Kosenow et al. (1970) described 2 girls, each an illegitimate child without sibs, who showed marked hypoplasia of the scapulas and pelvis and hypoplasia of the clavicles. Associated malformations included eye anomalies, such as ectopic pupil, rib anomalies and spina bifida. A similar malformation could be diagnosed in the father on the basis of information from the mother and a radiograph of the pelvis taken at age 11. This condition was termed scapuloiliac dysostosis in the Paris nomenclature of skeletal dysplasias (Maroteaux, 1970).
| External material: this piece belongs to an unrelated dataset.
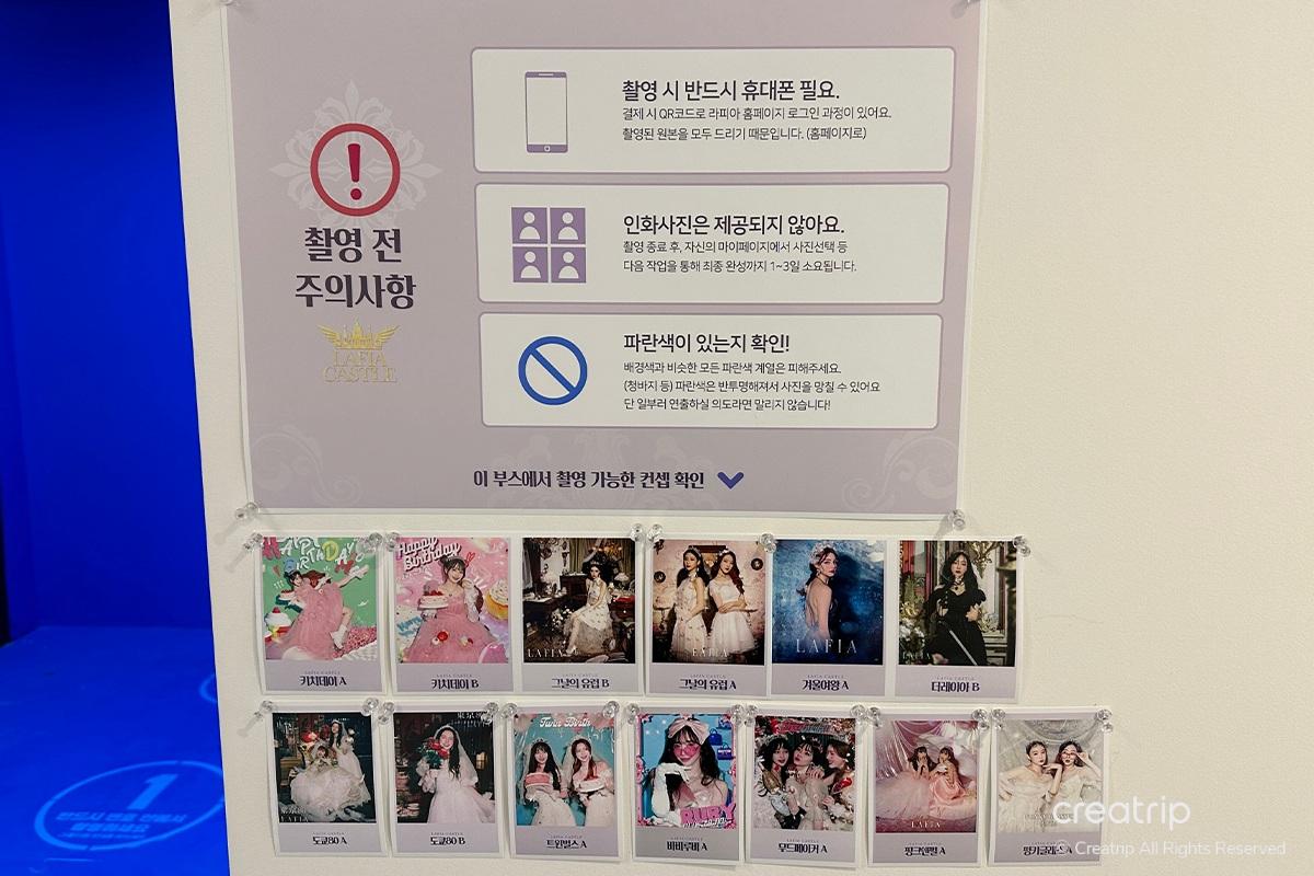- Bringen Sie für Ihre Bequemlichkeit eine Karte mit, da die meisten Dienstleistungen Kartenzahlung erfordern (Fotoautomat, Fotoausdruck, zusätzliche Kleiderwechsel, Dessertkäufe, Warenkäufe und Verlängerung der Nutzungszeit).

Elliott et al. (2000) reported 3 patients (2 sibs and an unrelated adult woman) with scapuloiliac dysostosis, or pelvis-shoulder dysplasia. Each had additional abnormalities not previously reported. The sibs had the most severe form of the disorder reported to that time, which supported autosomal recessive inheritance. They suggested that these sibs might have the same disorder as the sibs reported by Cousin et al. (1982); see 260660, which may be a distinct entity.

Amor et al. (2000) presented evidence for autosomal dominant inheritance. They reported the affected son of the man reported by Hauser et al. (1998). The main features in the father were congenitally dislocated hips, marked hypoplasia of the ilia and acetabula, and lumbar lordosis. The scapulae and clavicles were spared. The son was born after a normal pregnancy. The pelvis was noted to be narrow at birth and hip dislocation was suspected clinically. Radiographs at 14 months of age showed global hypoplasia of the ilia which were ovoid in shape with no evidence of formation of the acetabula or sacrosciatic notches. The pubic bones and ischia were normal in size and shape. There was hypoplasia of the body of the scapulae and mild glenoid hypoplasia. The remaining skeleton was normal, including the clavicles, ribs, and humeri.